Description of problem: I hit a job deadlock with job: https://beaker.engineering.redhat.com/jobs/1729599 With a manual debugging I found out that guest's task /kernel/distribution/lnst/install fetched SERVERS and CLIENTS from host's /distribution/beaker/beah/misc/sync task. Therefore the guest's task gets stalled on report_result() in rhts-test-runner.sh: <snip> rhts-sync-set -s DONE rhts-sync-block -s DONE $SERVERS $CLIENTS $DRIVER </snip> I tried to remove this multihost task from the job and it helped: https://beaker.engineering.redhat.com/jobs/1730043 Just to show the task layout within the deadlocked job, for simplicity I'm showing only one host and one guest, No| host1 | host1-guest1 ------------------------------------------------------------------------------- 1 /distribution/virt/image-install /distribution/dummy 2 /distribution/beaker/beah/misc/sync /distribution/dummy 3 /distribution/virt/start /distribution/dummy 4 /kernel/networking/virt/add_iface /distribution/dummy 5 /kernel/networking/virt/add_iface /distribution/dummy 6 /distribution/command /distribution/dummy 7 /distribution/command /distribution/dummy 8 /kernel/distribution/lnst/install /distribution/dummy 9 /distribution/command /distribution/dummy 10 /distribution/beaker/beah/misc/sync (SERVERS) /kernel/distribution/lnst/install 11 /kernel/distribution/lnst/prepare-testbed /kernel/distribution/lnst/prepare-testbed ... The deadlock comes in this order: 1. Host runs all of tasks until task #9, where it runs wait4guesttasks /kernel/distribution/lnst/install 2. Guest executes all tasks until it gets to task #10, where it runs the task and executes report_finish() from rhts-test-runner.sh At this point it stalls since it fetched SERVERS=host1 and rhts-sync-blocks 3. Host stays at wait4guesttasks of command #9 infinitely This looks like a bug in roles fetching for a task. The roles should be fetched from the tasks of same name only. Version-Release number of selected component (if applicable): Beaker-24.0 How reproducible: 100% Steps to Reproduce: 1. rerun the job in description 2. 3. Actual results: Deadlock Expected results: No deadlock Additional info:
(In reply to Jan Tluka from comment #0) > This looks like a bug in roles fetching for a task. The roles should be > fetched from the tasks of same name only. What makes you say this? The roles have always been based on the TESTORDER, each task will see the role variables for the corresponding task in the same position in each recipe. It has never been limited to tasks of the same name as far as I know. In position 10 of your example you have /distribution/beaker/beah/misc/sync in the host recipe. Can you just use /distribution/dummy there instead with role=STANDALONE to avoid the syncing behaviour? And then let them sync on the start of task 11?
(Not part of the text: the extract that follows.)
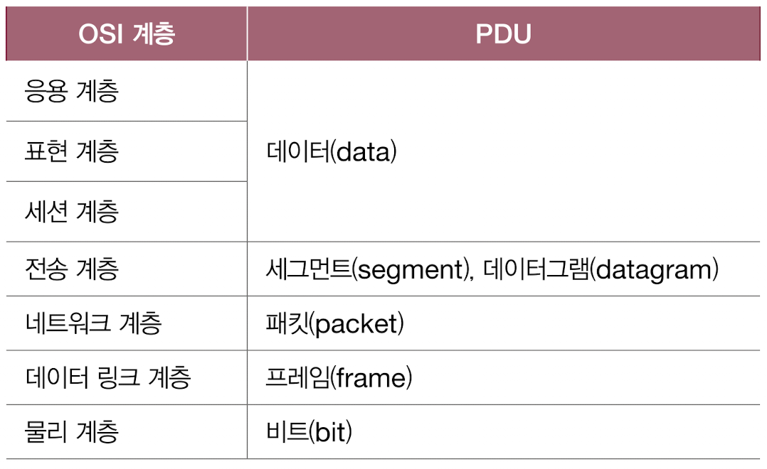 - 각 계층에서 송수신되는 메시지의 단위를 PDU라고 한다.
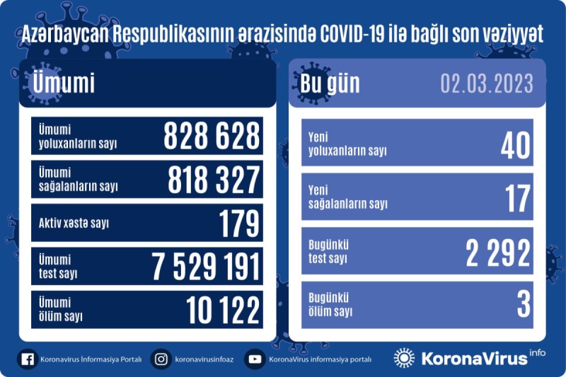 Azərbaycan Respublikasında koronavirus (COVID-19) infeksiyasına 40 yeni yoluxma faktı qeydə alınıb, 17 nəfər müalicə olunaraq sağalıb.

(In reply to Dan Callaghan from comment #1) > (In reply to Jan Tluka from comment #0) > > This looks like a bug in roles fetching for a task. The roles should be > > fetched from the tasks of same name only. > > What makes you say this? Hi Dan, I think lack of some deeper documentation for this feature. Not sure why I thought it worked this way. Anyway ... > The roles have always been based on the TESTORDER, each task will see the > role variables for the corresponding task in the same position in each > recipe. It has never been limited to tasks of the same name as far as I know. > > In position 10 of your example you have /distribution/beaker/beah/misc/sync > in the host recipe. Can you just use /distribution/dummy there instead with > role=STANDALONE to avoid the syncing behaviour? And then let them sync on > the start of task 11? Thanks for explaining and pointing me to TESTORDER. Do I understand this correctly that adding role=STANDALONE would turn off the sync feature for a task? Maybe it's just enough to add role=STANDALONE to lnst/install task. The beah/misc/sync task syncs with other task on second baremetal host.
(In reply to Jan Tluka from comment #2) > Maybe it's just enough to add role=STANDALONE to lnst/install task. The > beah/misc/sync task syncs with other task on second baremetal host. Yeah this sounds like the right approach, if you don't actually want that task to sync with the others.